**Assigned task**
Below are records with pictures; copy word for word only the lines between the line with "Vintage Clear Crackle" and the line with "在2020年的研究生考试即将", inclusive, and drop the pictures.

**Dataset excerpts**
>>>>>
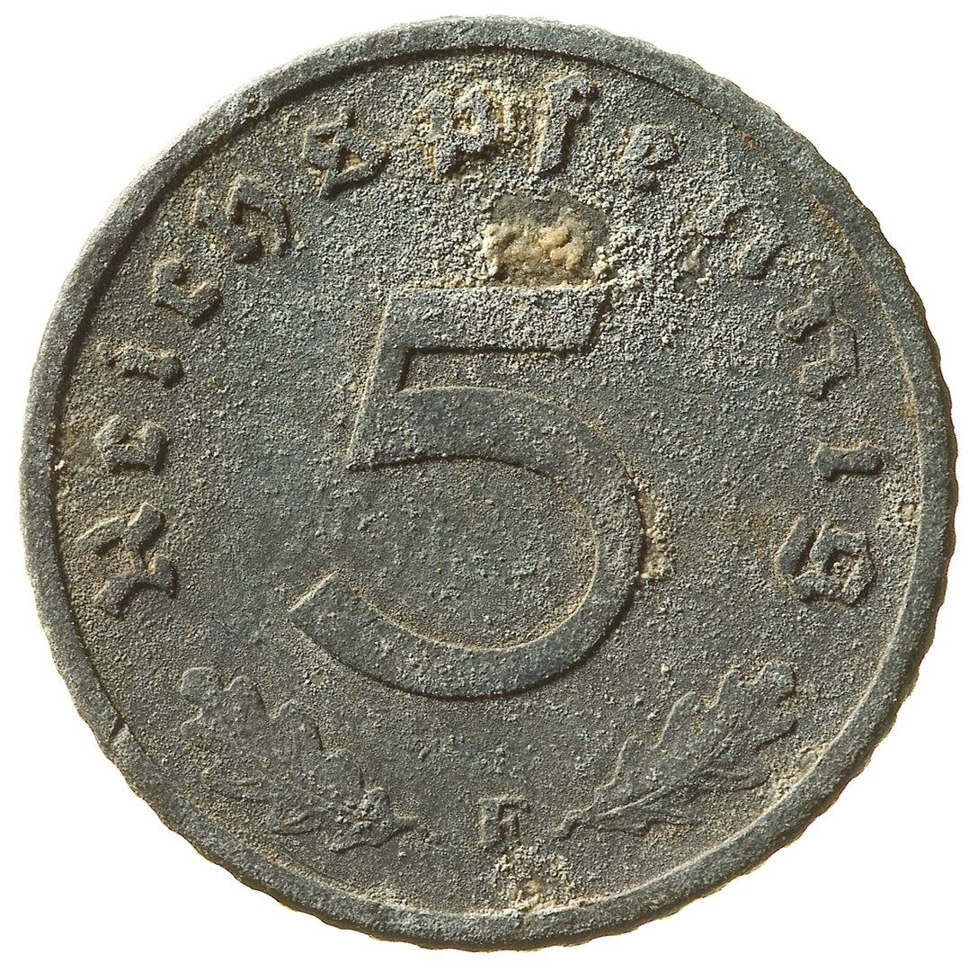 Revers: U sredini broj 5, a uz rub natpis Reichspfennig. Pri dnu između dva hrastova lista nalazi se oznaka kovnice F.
<<<<<
>>>>>
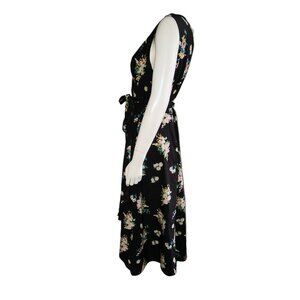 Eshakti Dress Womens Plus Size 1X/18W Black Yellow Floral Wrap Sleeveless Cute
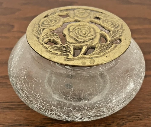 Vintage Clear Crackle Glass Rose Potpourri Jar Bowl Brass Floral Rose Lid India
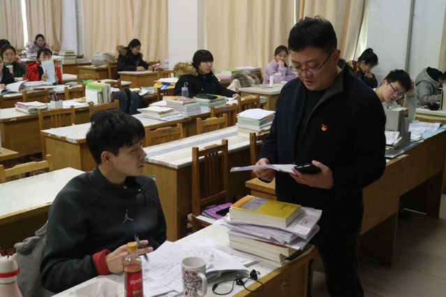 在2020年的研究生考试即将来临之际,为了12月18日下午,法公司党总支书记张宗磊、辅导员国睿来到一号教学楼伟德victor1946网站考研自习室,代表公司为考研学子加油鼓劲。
<<<<<
**Answer section**
 Vintage Clear Crackle Glass Rose Potpourri Jar Bowl Brass Floral Rose Lid India
 在2020年的研究生考试即将来临之际,为了12月18日下午,法公司党总支书记张宗磊、辅导员国睿来到一号教学楼伟德victor1946网站考研自习室,代表公司为考研学子加油鼓劲。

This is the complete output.